Dollar Van Demos is the brainchild of husband and wife Joe and Iara Revitte, who seek out aspiring hip-hop and reggae artists, throw them in dollar vans, and film them performing while rolling through Brooklyn, all the while picking up and dropping off commuters who rely on the inexpensive mode of transportation to get them around the city.
As part of the recent Social Media Week, Dollar Van Demos invited conference participants to ride along as they shot several demos of various artists. The last ride of the day featured Kid Lucky, who beatboxes and raps simultaneously – or beat rhyming - beatboxer Grey Matter, and Zuzuka Poderosa, who performs baile funk, a form of music popular in the favelas, or slums, of her native Brazil.
Grey Matter, whose real name is Andrew Gutterson, was performing for the first time on Dollar Van Demos. “I think it's awesome,” he said before leaving from Downtown Brooklyn for Kings Plaza. “I'm actually not going to work today. I'm taking a personal day just to do this because I think it is such a cool idea.”
For Kid Lucky, performing on mass transit isn't a new experience. He is instrumental in organizing the Hip-Hop Subway Series, which brings together musicians and other artists to perform on trains. Despite those experiences, he was still dubious when Revitte kept emailing him about showcasing his talents on a dollar van driving through Brooklyn.
“I never opened the emails, and then I was doing a show at a friend's open mic and Joe approached me and was like 'yo, I'm with Dollar Van Demos,'” recalled Kid Lucky, a.k.a. Terry Lewis. “I said, 'I delete you all the time!'”

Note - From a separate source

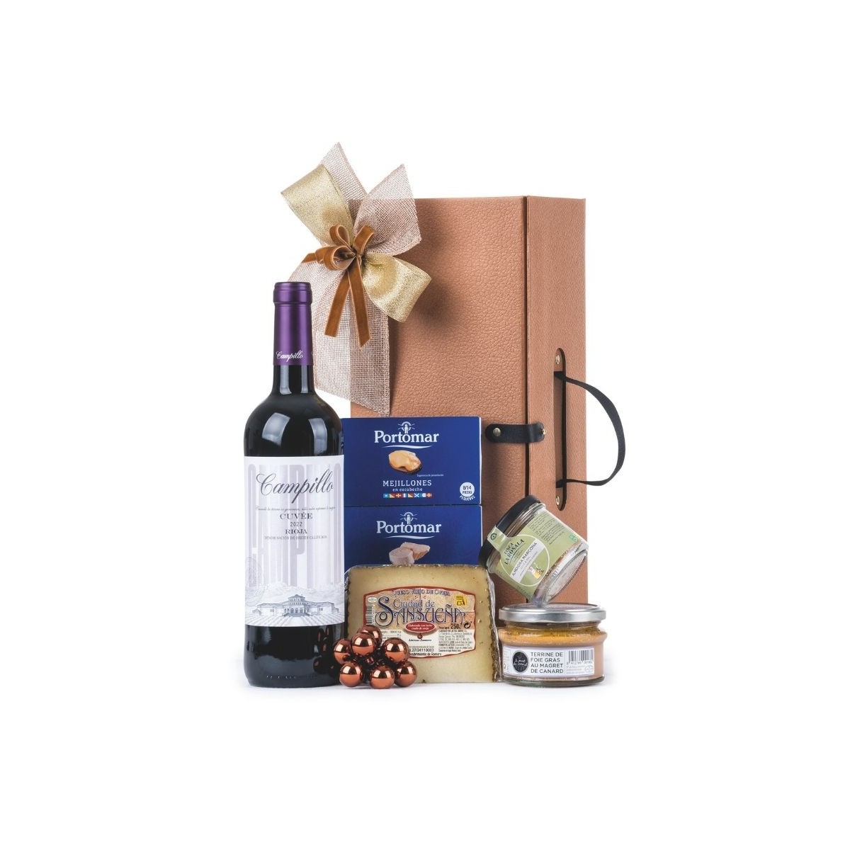 Elegante Lote de Navidad con el que sorprender con un buen vino Rioja y, para acompañar, un gran queso de oveja teniendo como contrapunto mejillones y bonito de norte Portomar. Quedar bien en Navidad es muy fácil con este detalle.

This was Kid Lucky's second time performing on Dollar Van Demos. “It's cool,” he said. “Some people will get in the van and like it, and others will be like 'I don't care, I've got to get to work.'”

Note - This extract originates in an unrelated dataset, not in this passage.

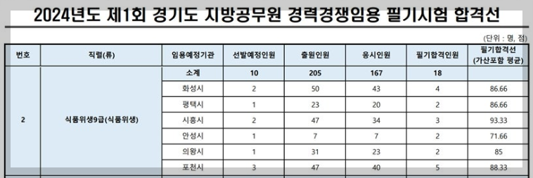 2025년 경기도 제4회 식품위생직 공무원 경력경쟁 시험의

Indeed, rider reactions are mixed, with some obviously enjoying the show and others feigning a cool indifference. Then there are the people who truly are just interested in reaching their destination, ignoring the performance while they send text messages from their phone or bury their head in a newspaper.
On this particular day, Dollar Van Demos had a repeat customer. Jonathan, a local high school student, was instantly recognized by Revitte when he climbed into the van.

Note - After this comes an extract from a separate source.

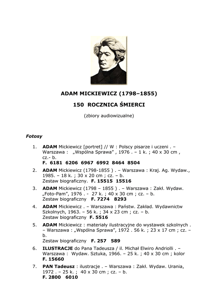 ADAM MICKIEWICZ (1798–1855) 150 ROCZNICA ŚMIERCI (zbiory audiowizualne) Fotosy 1. ADAM Mickiewicz [portret] // W : Polscy pisarze i uczeni . – Warszawa : „Wspólna Sprawa” , 1976 . – 1 k. ; 40 x 30 cm , cz.- b. F. 6181 6206 6967 6992 8464 8504 2. ADAM Mickiewicz (1798-1855 ) . – Warszawa : Kraj. Ag. Wydaw., 1985. – 18 k. ; 30 x 20 cm ; cz. – b. Zestaw biograficzny. F. 15515 15516 3. ADAM Mickiewicz (1798 – 1855 ) . – Warszawa : Zakł. Wydaw. „Foto-Pam”, 1976 . - 27 k. ; 40 x 30 cm ; cz. – b. Zestaw biograficzny F. 7274 8293 4. ADAM Mickiewicz . – Warszawa : Państw. Zakład. Wydawnictw Szkolnych, 1963. – 56 k. ; 34 x 23 cm ; cz. – b. Zestaw biograficzny F. 5516 5. ADAM Mickiewicz : materiały ilustracyjne do wystawek szkolnych . – Warszawa : „Wspólna Sprawa”, 1972 . 56 k. ; 23 x 17 cm ; cz. – b. Zestaw biograficzny F. 257 589 6. ILUSTRACJE do Pana Tadeusza / il. Michał Elwiro Andriolli . – Warszawa : Wydaw. Sztuka, 1966. – 25 k. ; 40 x 30 cm ; kolor F. 15660 7. PAN Tadeusz : ilustracje . – Warszawa : Zakł. Wydaw. Urania, 1972 . – 25 k. ; 40 x 30 cm ; cz. – b. F. 2800 6010 8. PAN Tadeusz : ilustracje wybranych fragmentów / il. Marcin Szancer . – Warszawa : Biuro Wydaw. Ruch, 1971 .- 12 k. ; 15 x 10 cm ; kolor F. 6923 6935 Taśmy kasetowe 9. ARCYDRAMAT / oprac. Hanna Zawiślak . – Warszawa : Polskie Radio ; [Nagr. własne, 1990] . – 1 kas. dźw. (30 min) Tematem audycji są Dziady, Adama Mickiewicza. Geneza powstania utworu oraz znaczenie w literaturze. TMK. 5569 5803 5860 5926 10. BAJKI / Adam Mickiewicz ; czyta Andrzej Łapicki . – Warszawa : Polskie Nagrania, 1987 . – 1 kas. dźw. (15 min) Tytuły bajek : 1. Przyjaciele. 2. Golono, strzyżono. 3. Koza, kózka i wilk. 4. Pies i wilk TMK. 5451 11. BALLADY / Adam Mickiewicz ; rec. Danuta Michałowska, Ignacy Gogolewski . – Warszawa : Polskie Nagrania, 1985 . – 1 kas. dźw. (40 min) Tytuły utworów : 1. Alpuhara. 2. Świtezianka. 3. Powrót taty. 4. Pani Twardowska. 5. Romantyczność. 6. Czaty, 7. Lilie TMK. 5065 5066 12. BALLADY i romanse / Adam Mickiewicz; rec. Grażyna Barszczewska, Henryk Talar, Jerzy Bończak [i in.] . – Warszawa : Dydakta, 1994 . – 1 kas. dźw. (30 min) Tytuły utworów : 1. Romantyczność : fragm. 2. Lilie : fragm. 3. Świtezianka : fragm. 4. Pani Twardowska TMK. 4273 6345 13. BOHATER w utworach Adama Mickiewicza /Adam Mickiewicz : scen. Barbara Kuligowska ;rec. : Jerzy Bończak, Henryk Talar, Marek Kondrat [i in.] . – Warszawa : Dydakta, 1994 . – 1 kas. dźw. (30 min) Analiza tematu na podstawie utworów : Do M... : fragm, Konrad Wallenrod : fragm, Pan Tadeusz : fragm. TMK. 6347 14. BRĄZOWNICY / aut. Ewa Prządka . – Warszawa : Polskie Radio ; [Nagr. własne, 1991] . – 1 kas. dźw. (30 min) W audycji zawarte są krytyczne spojrzenia na sylwetkę Adama Mickiewicza, m. in. potyczki literackie Tadeusza Boya-Żeleńskiego. TMK. 5733 15. DZIADY – część III (fragm.) / Adam Mickiewicz ; reż. Marek Kulesza . – Warszawa : Polskie Radio, 1987 ; [nagr. własne, 1993 ] . – 1 kas. dźw. (30 min) TMK. 5332 5905 16. DZIADY – część. III: opracowanie / scen. Andrzej Kordela ; muz. Andrzej Masłowski – Warszawa : Studio Paspartu, 1992 . – 1 kas. dźw. (43 min) Plan opracowania : 1. Życie i twórczość Adama Mickiewicza. 2. Streszczenie utworu i główne problemy. TMK. 6323 6324 6339 6340 17. DZIAŁALNOŚĆ publicystyczna Adama Mickiewicza / scen. Maria Ballod . – Warszawa : Polskie Radio, 1981 ; [ nagr. własne, 1994] . – 1 kas. dźw. (15 min) TMK. 6273 18. GRAŻYNA / Adam Mickiewicz ; czyta Krzysztof Kolberger . – Warszawa : Zakł. Wydaw. i nagr. PZN, 1986 . – 1 kas. dźw. (45 min) TMK. 5255 5257 19. JA TYLKO jedną wiosnę miałem w życiu / scen. Lidia Wojtasik . – Polskie Radio, 1984 ; [nagr. własne, 1994] . – 1 kas. dźw. (30 min) Elementy historii w Panu Tadeuszu. Stosunek Adama Mickiewicza do historii. TMK. 6220 20. KONRAD Wallenrod / Adam Mickiewicz ; czyta Gustaw Holoubek . – Warszawa : Zakł. Wydaw. I Nagr. PZN, 1985. – 3 kas. dźw. (3 x 50 min) TMK. 5158/I-III 5161/I-III 21. KONRAD Wallenrod bohater romantyczny /Adam Mickiewicz ; scen. Maria Grabowska . – Warszawa : Polskie Radio, 1982 ; [nagr. własne, 1993] . – 1 kas. dźw. (15 min) Omówienie wartości utworu. TMK. 5967 22. MICKIEWICZ w oczach współczesnych / scen. Maria Ballod . – Warszawa : Polskie Radio, 1985 ; [nagr. własne, 1995] . – 1 kas. dźw.(15 min) Ocena klasyków romantyzmu. Sądy o poecie i jego twórczości wypowiadane w okresie klasycyzmu. TMK. 6357 23. MONOLOGI romantyczne / Adam Mickiewicz ; oprac. Barbara Kuligowska ; wyk. : Jerzy Zelnik, Marek Kondrat, Olgierd Łukaszewicz [i in]. – Warszawa : Dydakta, 1994 . – 1 kas. dźw. (15 min) Tytuły utwów : 1. Dziady : cz. III (fragmenty) : Wielka Improwizacja, Widzenie księdza Piotra. TMK. 6344 24. NAD Świtezią i Wilejką / Adam Mickiewicz :oprac. Zbigniew Kopalka . – Warszawa : Polskie Radio, 1984 ; [nagr. własne, 1989] . – 1 kas. dźw. (20 min) Słuchowisko poetyckie do utworów A. Mickiewicza : Świteź, Pan Tadeusz – fragm. poematu : opowiadanie Wojskiego. TMK. 5538 25. OPOWIADANIE w Panu Tadeuszu / Adam Mickiewicz ; oprac. Maria Ballod . – Warszawa : Polskie Radio, 1979 ; [nagr. własne, 1994] . – 1 kas. dźw. (15 min) Elementy narracji jako forma wypowiedzi. W audycji wykorzystano, jako przykład fragm. opowieści Gerwazego o śmierci Stolnika oraz opowiadanie Dowejki i Domejki. TMK. 6273 26. PAN Adam opowiada / Adam Mickiewicz ; oprac. Elżbieta Hartwig . – Warszawa : Polskie Radio, 1983 ; [nagr. własne, 1993] . – 1 kas. dźw. (25 min) Słuchacz poznaje A. Mickiewicza jako autora wspaniałych, plastycznych opisów oraz człowieka o dużym poczuciu humoru. W audycji wykorzystano fragmenty : Pana Tadeusza, bajek i ballad. TMK. 6084 27. PAN Tadeusz / Adam Mickiewicz ; czyta Krzysztof Kolberger . – Warszawa : Zakł. Wydaw.i Nagr. PZN,1978 . 12 kas.

“It was a long time ago, sometime last year,” said Jonathan of his first experience with Dollar Van Demos. Asked if he was surprised to find himself a passenger in another shoot, he said, “no, I just thought, 'here we go again.'”
The idea for Dollar Van Demos came about while Joe Revitte, a University of Colorado film school graduate and veteran of the Los Angeles film industry, said he was wallowing in “developmental hell.”
“I was sick of telling people that I was a film producer, and having no film production credits to my name,” he said.
So he and his wife rode the Brooklyn dollar vans for a couple of Saturdays working out their idea, and then approached BCAT about borrowing some cameras and using their editing equipment.
They found a sympathetic soul in Winston Williams, who owns and operates Black Street Van Line. Williams said he was happy to have Revitte film in his vehicle, and said the dollar vans are an important form of transportation, especially among New York City's Caribbean population.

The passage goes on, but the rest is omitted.